The procedure was performed in the same manner as in Example 1, except that

Example 5 In Example 1, the constituent resin of the second layer was changed to an ethylene content of 1.
The procedure was performed in the same manner as in Example 1 except that the propylene-ethylene random copolymer (PP2) was 5% by weight and the melt index was 8 g / 10 minutes.

Example 6 In Example 1, the constituent resin of the second layer was prepared by adding an ethylene content of 0.
The procedure was performed in the same manner as in Example 1 except that the propylene-ethylene copolymer (PP3) was 4% by weight and the melt index was 2.4 g / 10 minutes.

Comparative Example 1 The procedure of Example 1 was repeated, except that the resin constituting the first and third layers was changed to the block copolymer reduced product (c) obtained in Polymerization Example c. Was.

Comparative Example 2 The procedure of Example 1 was repeated, except that the constituent resins of the first and third layers were changed to the reduced block copolymer (d) obtained in Polymerization Example d. Was. The obtained tubular film did not open, and when it was wound around a paper tube and wound up, blocking occurred and the film could not be formed.

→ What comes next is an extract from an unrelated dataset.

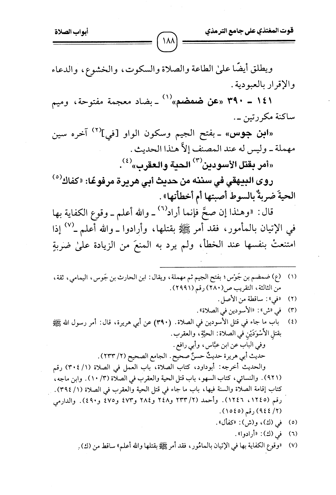 (¬7) " وقوع الكفاية بها في الإتيان بالمأمُور، فقد أمر - صَلَّى اللَّهُ عَلَيْهِ وَسَلَّمَ - بقتلها والله أعلم " ساقط من (ك) .

Comparative Example 3 The procedure of Example 1 was repeated, except that the constituent resins of the first and third layers were changed to the reduced block copolymer (e) obtained in Polymerization Example e. Was. The resulting tubular film was difficult to open, and when it was wound around a paper tube and wound up, blocking occurred.

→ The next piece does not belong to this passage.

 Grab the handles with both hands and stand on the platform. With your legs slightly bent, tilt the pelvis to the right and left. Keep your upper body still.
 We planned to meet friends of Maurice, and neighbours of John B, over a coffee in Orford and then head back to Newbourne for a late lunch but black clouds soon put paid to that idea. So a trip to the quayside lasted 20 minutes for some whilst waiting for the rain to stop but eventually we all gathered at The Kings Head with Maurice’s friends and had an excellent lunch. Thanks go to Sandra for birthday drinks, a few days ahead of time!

Comparative Example 4 The procedure of Example 1 was repeated, except that the constituent resins of the first and third layers were changed to the reduced block copolymer (f) obtained in Polymerization Example f. Was. The obtained tubular film did not open, and when it was wound around a paper tube and wound up, blocking occurred and the film could not be formed.

Comparative Example 5 In Example 1, the ratio of the extruder discharge amount of the first layer and the third layer to the discharge amount of the extruder of the second layer was as follows: first layer: second layer: third layer = 1: The same operation as in Example 1 was performed except that the ratio was 200: 1.

[0063]

[Table 3]

────────────────────────────────────────────────── ─── Continuation of the front page (56) References JP-A-5-93024 (JP, A) JP-A-5-287035 (JP, A) JP-A-6-93166 (JP, A) JP-A-5-93166 331346 (JP, A) JP-A-5-320468 (JP, A) (58) Fields investigated (Int. Cl. ⁷ , DB name) B32B 1/00-35/00

Claims (1)

(57) [Claims] (1) The following (b) layer is laminated on at least one surface of the following (a) layer, and the thickness of the (b) layer is 1 to 50% of the thickness of the (a) layer per layer. A multilayer film characterized by the above-mentioned. (A) A resin layer made of crystalline polypropylene having a haze value of 5% or less at a thickness of 20 μm and a monomer unit based on ethylene of 4% by weight or less. (B) a block copolymer containing a polybutene component, a polypropylene component, and a propylene-ethylene random copolymer component, wherein the polybutene component is 0.01 to 5% by weight, the polypropylene component is 1 to 35% by weight, and propylene-ethylene The random copolymer component is 60 to 99.99% by weight, and the propylene-ethylene random copolymer component has 10 to 60 mol% of a monomer unit based on ethylene and 90 to 90% by mole of a monomer unit based on propylene. 40 mol%
A resin layer comprising a block copolymer.